**Data for this task:**
------------------------------------------------------------------------
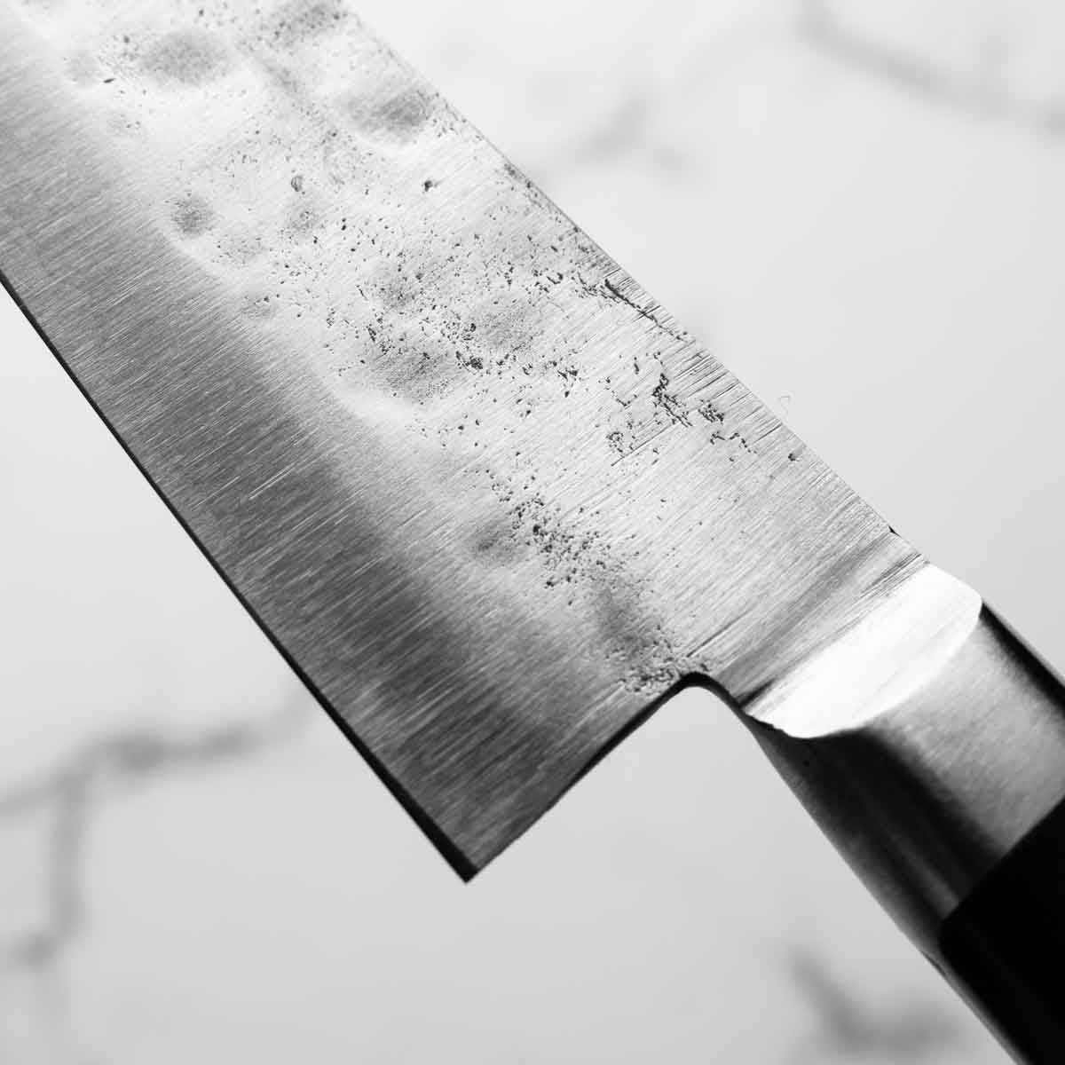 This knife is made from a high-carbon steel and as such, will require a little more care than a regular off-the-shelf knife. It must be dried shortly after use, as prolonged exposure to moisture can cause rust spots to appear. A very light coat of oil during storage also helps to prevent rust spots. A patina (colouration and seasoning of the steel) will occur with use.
------------------------------------------------------------------------
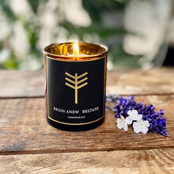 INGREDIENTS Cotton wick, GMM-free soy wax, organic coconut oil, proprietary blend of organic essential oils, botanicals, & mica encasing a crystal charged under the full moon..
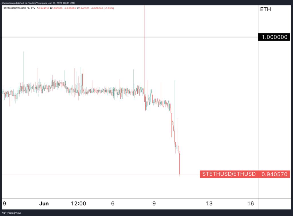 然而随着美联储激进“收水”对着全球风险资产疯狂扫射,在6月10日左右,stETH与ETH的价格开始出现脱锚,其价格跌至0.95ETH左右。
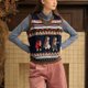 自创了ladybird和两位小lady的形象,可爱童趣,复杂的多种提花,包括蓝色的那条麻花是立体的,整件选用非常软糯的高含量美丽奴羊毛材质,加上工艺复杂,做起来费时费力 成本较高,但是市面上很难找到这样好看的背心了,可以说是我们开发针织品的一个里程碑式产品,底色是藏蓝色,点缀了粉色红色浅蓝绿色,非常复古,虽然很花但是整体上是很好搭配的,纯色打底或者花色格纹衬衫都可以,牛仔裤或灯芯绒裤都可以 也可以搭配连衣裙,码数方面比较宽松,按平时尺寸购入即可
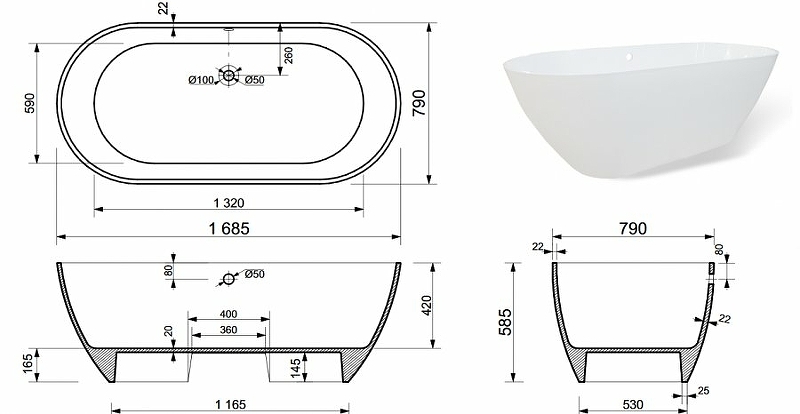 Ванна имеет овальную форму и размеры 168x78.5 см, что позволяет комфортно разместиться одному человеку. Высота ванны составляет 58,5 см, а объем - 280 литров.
------------------------------------------------------------------------
**Directions for this task:** Going by the entries above, repeat exactly the lines that start at the line with "INGREDIENTS Cotton wick, GMM-free" and go on through the line with "Ванна имеет овальную". Pictures are not part of the copy.

**Reply to the task:**
 INGREDIENTS Cotton wick, GMM-free soy wax, organic coconut oil, proprietary blend of organic essential oils, botanicals, & mica encasing a crystal charged under the full moon..
 然而随着美联储激进“收水”对着全球风险资产疯狂扫射,在6月10日左右,stETH与ETH的价格开始出现脱锚,其价格跌至0.95ETH左右。
 自创了ladybird和两位小lady的形象,可爱童趣,复杂的多种提花,包括蓝色的那条麻花是立体的,整件选用非常软糯的高含量美丽奴羊毛材质,加上工艺复杂,做起来费时费力 成本较高,但是市面上很难找到这样好看的背心了,可以说是我们开发针织品的一个里程碑式产品,底色是藏蓝色,点缀了粉色红色浅蓝绿色,非常复古,虽然很花但是整体上是很好搭配的,纯色打底或者花色格纹衬衫都可以,牛仔裤或灯芯绒裤都可以 也可以搭配连衣裙,码数方面比较宽松,按平时尺寸购入即可
 Ванна имеет овальную форму и размеры 168x78.5 см, что позволяет комфортно разместиться одному человеку. Высота ванны составляет 58,5 см, а объем - 280 литров.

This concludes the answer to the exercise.